> Data excerpt:

════

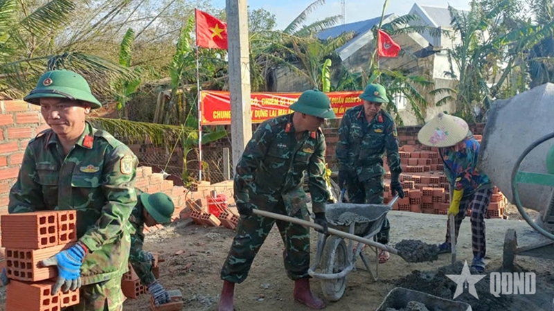 Apart from house-building, troops have guided residents on storm and flood prevention, environmental sanitation after floods, assisted in clearing waste, and unblocking drainage systems, helping stabilize community life in hamlets and communes.
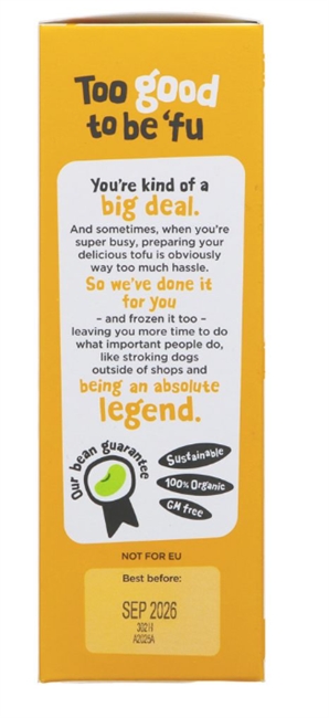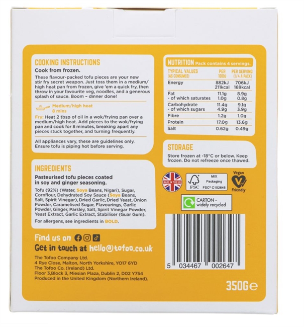 Tofu (92%) (water, soya beans, nigari), sugar, maize starch, dehydrated soy sauce (soya beans, salt, spirit vinegar), dried yeast, onion powder, caramelised sugar, flavourings, garlic powder, ginger, parsley, salt, spitir vinegar powder, yeast extract, garlic extract, stabiliser (guar gum)
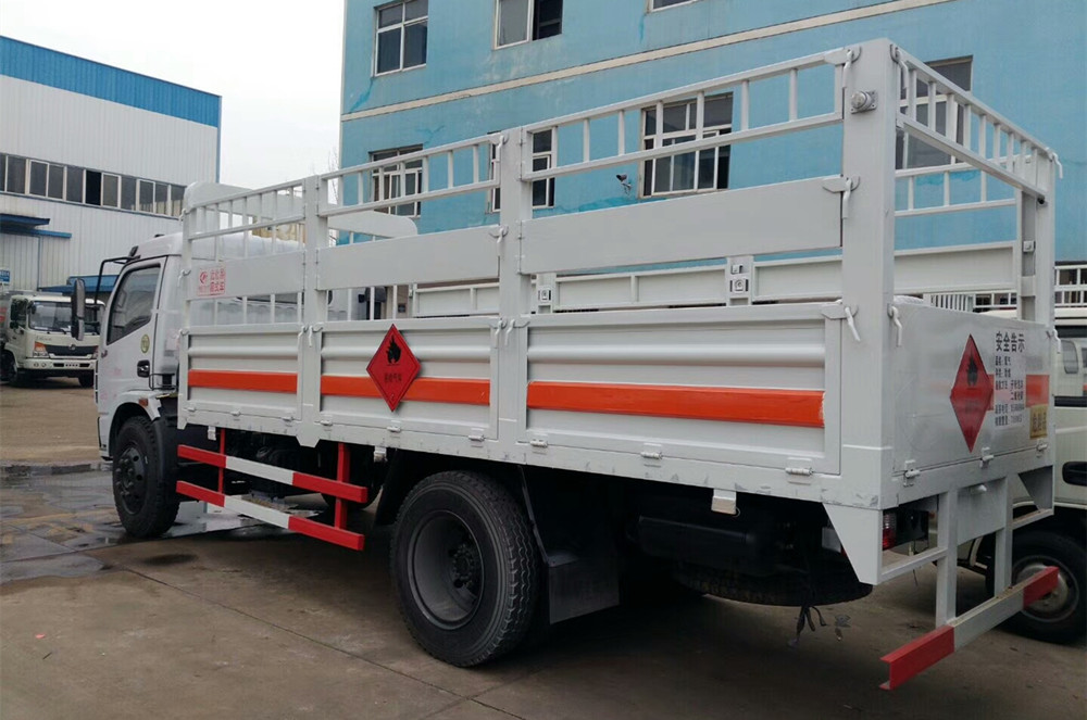 该车适用于运输危险品。用于运输具有**容器(瓶)包装的易燃气体(类项号:2.1):液化石油气,压缩甲烷或甲烷含量高的压缩天然气,乙炔,乙烷,丁烷,丙烯,丁烯,二甲醚,压缩氧;用于运输具有**容器(瓶)包装的非易燃无毒气体(类项号:2.2):二氧化碳,压缩氧(氮,空气,氦,氩,氖)。防护材料:Q23**碳钢,连接方式:左右侧面及后部防护均采用焊接连接,后部防护断面尺(mm):**×50, 后部防护离地高度(mm):500。仅采用底盘子午线轮胎和带ABS的底盘,该车前轮安装盘式制动器,前置排气管,装配限速装置,限速80km/h。安装带有卫星定位功能的行驶记录仪。ABS系统生产厂家及型号:襄阳东风隆诚机械有限责任公司,ABS/ASR-24V-4S/4M。随底盘选装前面罩,前保险杠,前组合灯具。上装可选装无栅栏。后部液压尾板收起状态的水平长度是250mm。危险货物运输车辆的车辆类型(FL型车辆)。 |
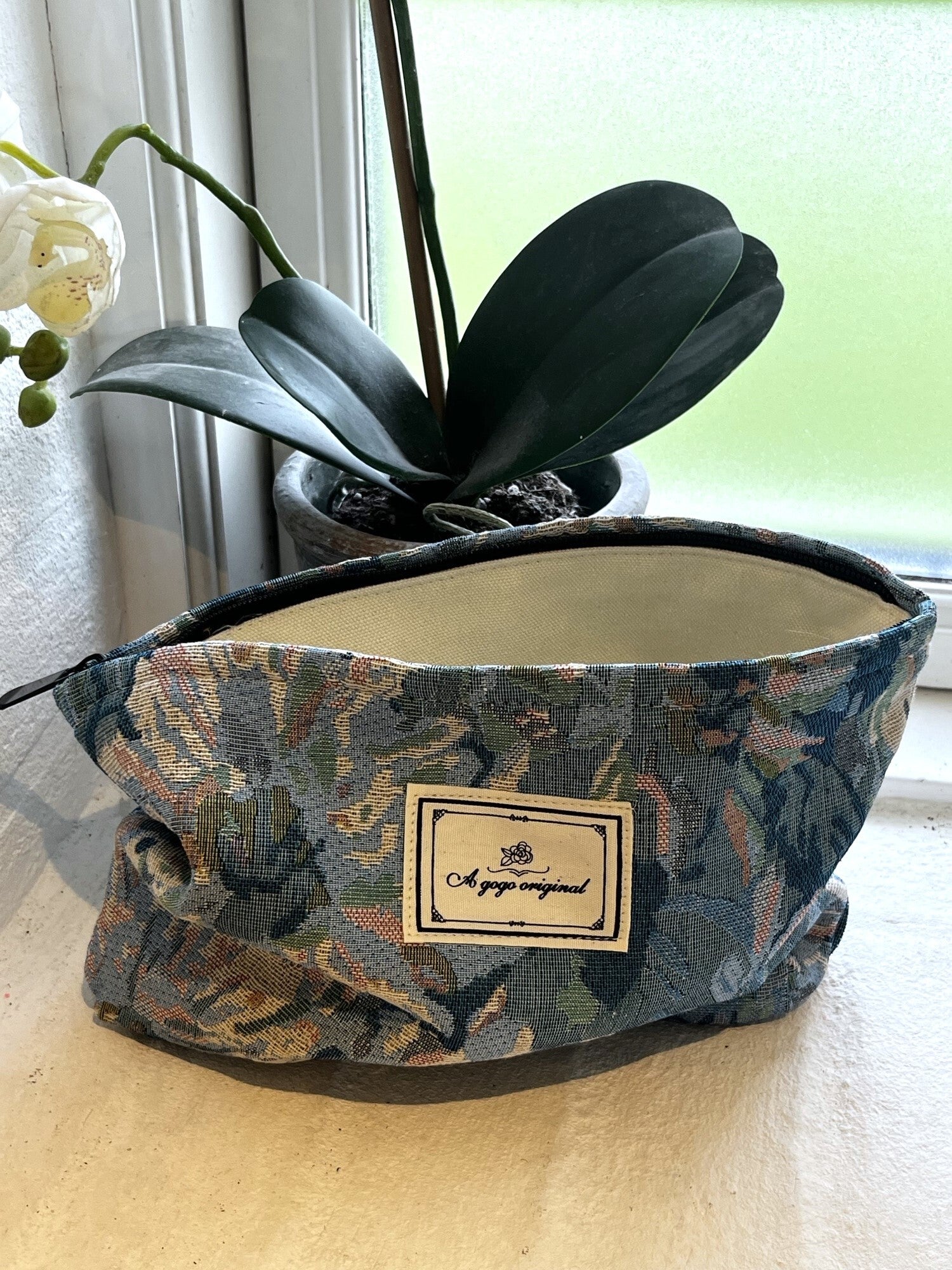 Unik toilettaske med et smukt lyseblåt blomstermønster, der skaber et romantisk og elegant udtryk.

════

> Task statement: Starting at the top of the listing above, please restate word for word each line up to and including the one that holds "Tofu (92%) (water, soya", omitting every image.

> Your solution:
 Apart from house-building, troops have guided residents on storm and flood prevention, environmental sanitation after floods, assisted in clearing waste, and unblocking drainage systems, helping stabilize community life in hamlets and communes.
 Tofu (92%) (water, soya beans, nigari), sugar, maize starch, dehydrated soy sauce (soya beans, salt, spirit vinegar), dried yeast, onion powder, caramelised sugar, flavourings, garlic powder, ginger, parsley, salt, spitir vinegar powder, yeast extract, garlic extract, stabiliser (guar gum)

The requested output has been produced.